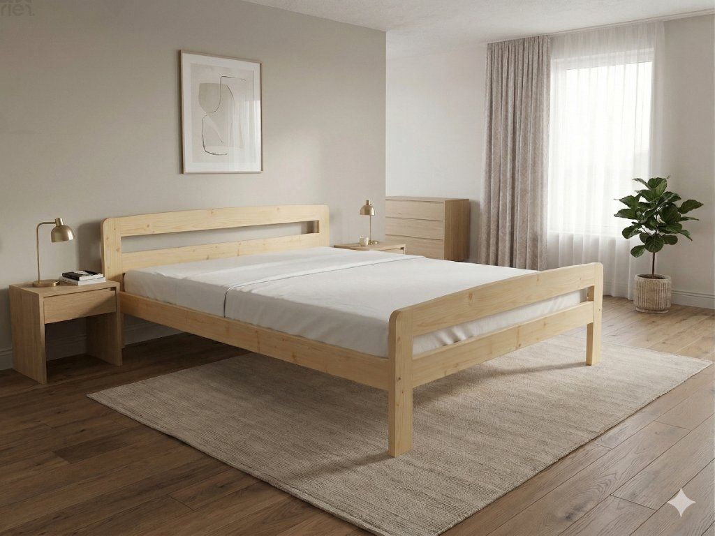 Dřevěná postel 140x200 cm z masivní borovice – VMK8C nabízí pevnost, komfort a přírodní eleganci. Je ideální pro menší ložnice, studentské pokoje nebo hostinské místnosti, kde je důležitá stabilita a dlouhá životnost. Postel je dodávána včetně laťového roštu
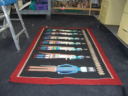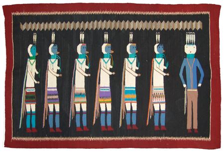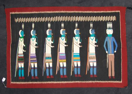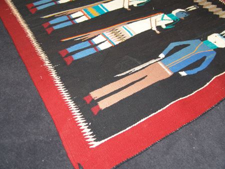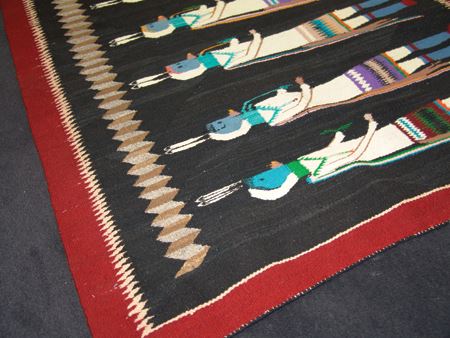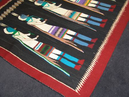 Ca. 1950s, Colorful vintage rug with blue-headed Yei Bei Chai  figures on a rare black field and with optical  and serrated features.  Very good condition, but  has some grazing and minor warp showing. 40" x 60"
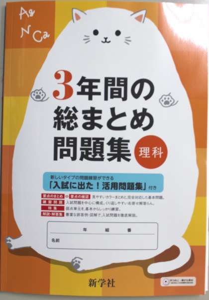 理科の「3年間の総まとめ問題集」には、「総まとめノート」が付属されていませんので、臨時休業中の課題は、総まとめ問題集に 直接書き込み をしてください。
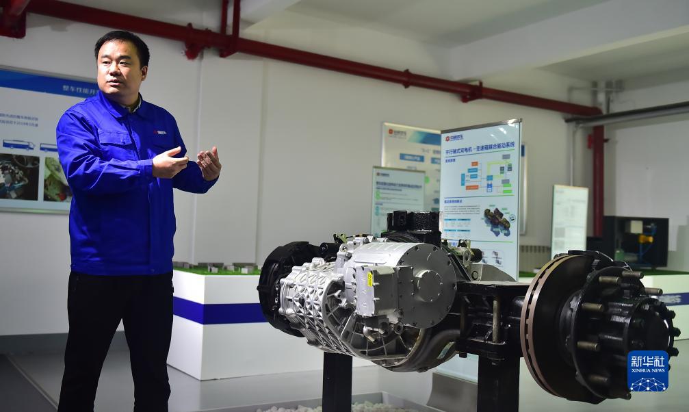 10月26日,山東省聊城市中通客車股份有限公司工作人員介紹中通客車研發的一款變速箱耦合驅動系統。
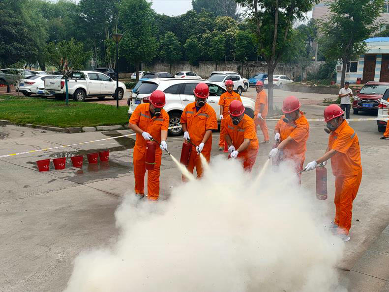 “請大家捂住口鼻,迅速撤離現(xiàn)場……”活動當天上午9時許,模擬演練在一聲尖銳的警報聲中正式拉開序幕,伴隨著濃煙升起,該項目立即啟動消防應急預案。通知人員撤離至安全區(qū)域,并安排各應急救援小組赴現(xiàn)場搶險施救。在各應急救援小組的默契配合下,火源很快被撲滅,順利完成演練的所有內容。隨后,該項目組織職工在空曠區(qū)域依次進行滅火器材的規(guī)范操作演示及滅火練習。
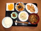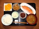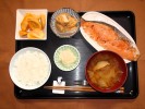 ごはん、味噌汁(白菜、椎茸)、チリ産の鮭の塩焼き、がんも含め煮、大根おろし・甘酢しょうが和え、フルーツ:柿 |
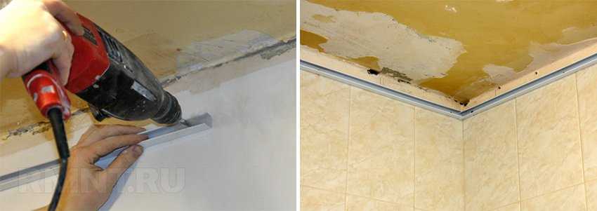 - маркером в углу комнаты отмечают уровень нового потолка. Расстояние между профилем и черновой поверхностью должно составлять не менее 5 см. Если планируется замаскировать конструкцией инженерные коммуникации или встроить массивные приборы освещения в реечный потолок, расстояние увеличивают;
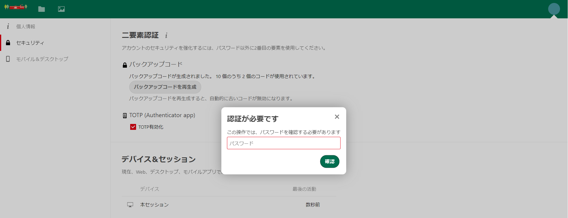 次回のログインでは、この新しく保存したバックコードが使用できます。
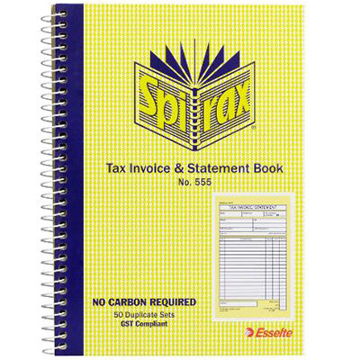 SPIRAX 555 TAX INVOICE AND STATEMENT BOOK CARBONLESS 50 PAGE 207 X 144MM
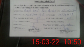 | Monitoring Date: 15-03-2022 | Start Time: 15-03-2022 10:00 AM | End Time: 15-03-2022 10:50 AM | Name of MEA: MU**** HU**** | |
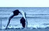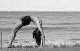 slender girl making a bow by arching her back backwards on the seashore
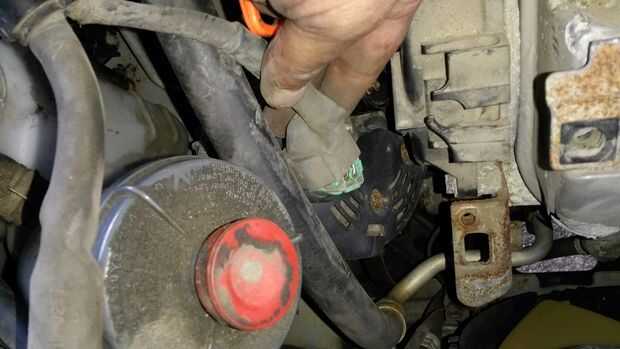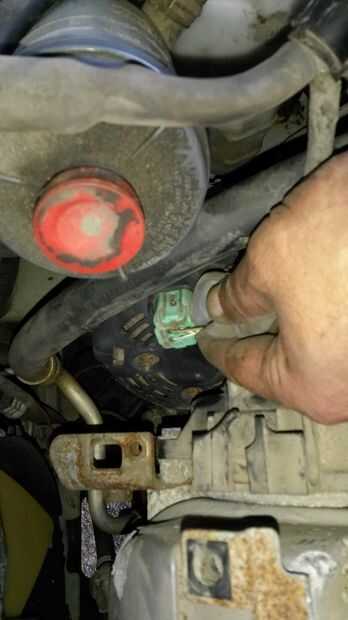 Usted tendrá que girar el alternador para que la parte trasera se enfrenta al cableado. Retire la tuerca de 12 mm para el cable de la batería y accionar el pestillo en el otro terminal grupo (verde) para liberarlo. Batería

--

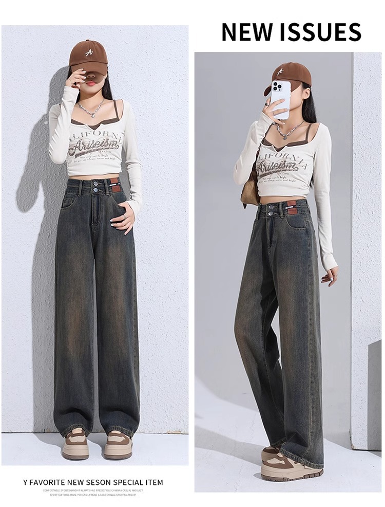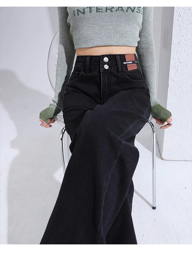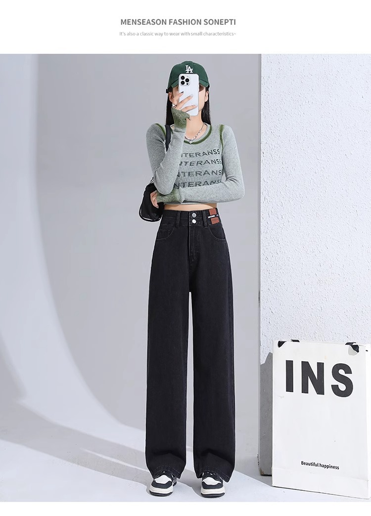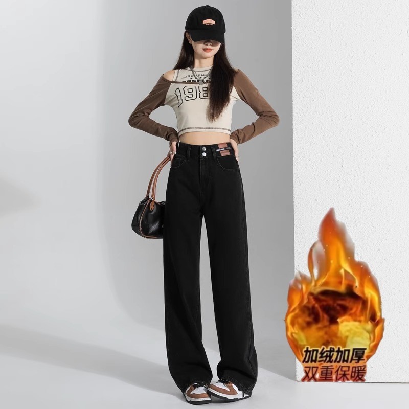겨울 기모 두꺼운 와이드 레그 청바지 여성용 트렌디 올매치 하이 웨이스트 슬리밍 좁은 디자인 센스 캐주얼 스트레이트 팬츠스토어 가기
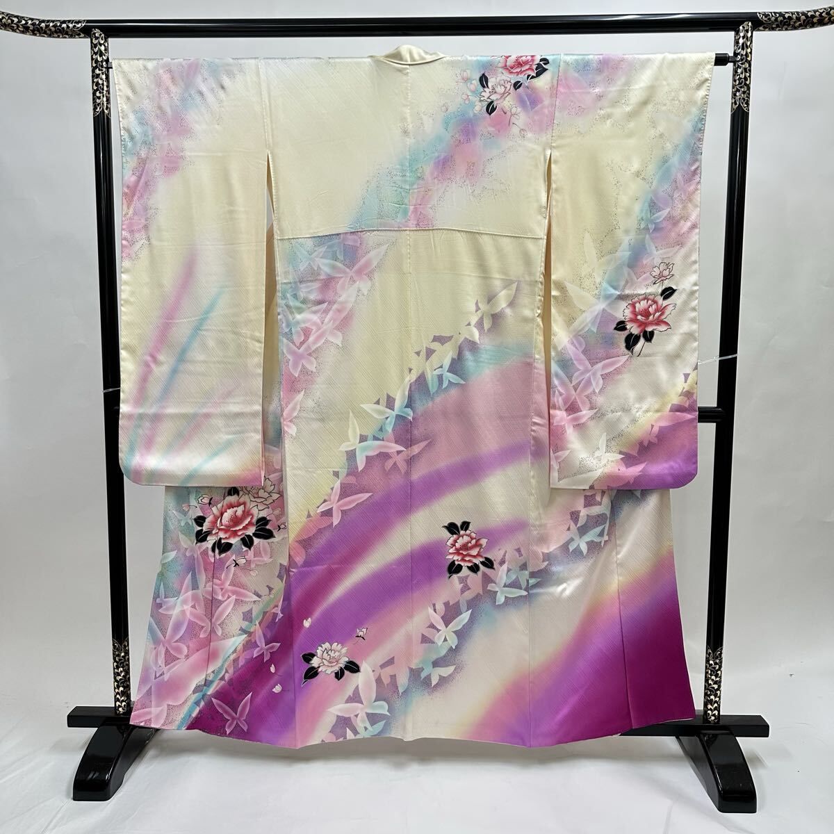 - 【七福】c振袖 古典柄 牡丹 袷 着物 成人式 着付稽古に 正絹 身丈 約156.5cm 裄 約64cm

▸ PROBLEM DESCRIPTION: Write out, word for word, the stretch of entries that begins at the line with "Dřevěná postel 140x200" and ends at the line with "ごはん、味噌汁(白菜、椎茸)". Pictures do not belong in it.

▸ YOUR SOLUTION:
 Dřevěná postel 140x200 cm z masivní borovice – VMK8C nabízí pevnost, komfort a přírodní eleganci. Je ideální pro menší ložnice, studentské pokoje nebo hostinské místnosti, kde je důležitá stabilita a dlouhá životnost. Postel je dodávána včetně laťového roštu
 Ca. 1950s, Colorful vintage rug with blue-headed Yei Bei Chai  figures on a rare black field and with optical  and serrated features.  Very good condition, but  has some grazing and minor warp showing. 40" x 60"
 理科の「3年間の総まとめ問題集」には、「総まとめノート」が付属されていませんので、臨時休業中の課題は、総まとめ問題集に 直接書き込み をしてください。
 10月26日,山東省聊城市中通客車股份有限公司工作人員介紹中通客車研發的一款變速箱耦合驅動系統。
 “請大家捂住口鼻,迅速撤離現(xiàn)場……”活動當天上午9時許,模擬演練在一聲尖銳的警報聲中正式拉開序幕,伴隨著濃煙升起,該項目立即啟動消防應急預案。通知人員撤離至安全區(qū)域,并安排各應急救援小組赴現(xiàn)場搶險施救。在各應急救援小組的默契配合下,火源很快被撲滅,順利完成演練的所有內容。隨后,該項目組織職工在空曠區(qū)域依次進行滅火器材的規(guī)范操作演示及滅火練習。
 ごはん、味噌汁(白菜、椎茸)、チリ産の鮭の塩焼き、がんも含め煮、大根おろし・甘酢しょうが和え、フルーツ:柿 |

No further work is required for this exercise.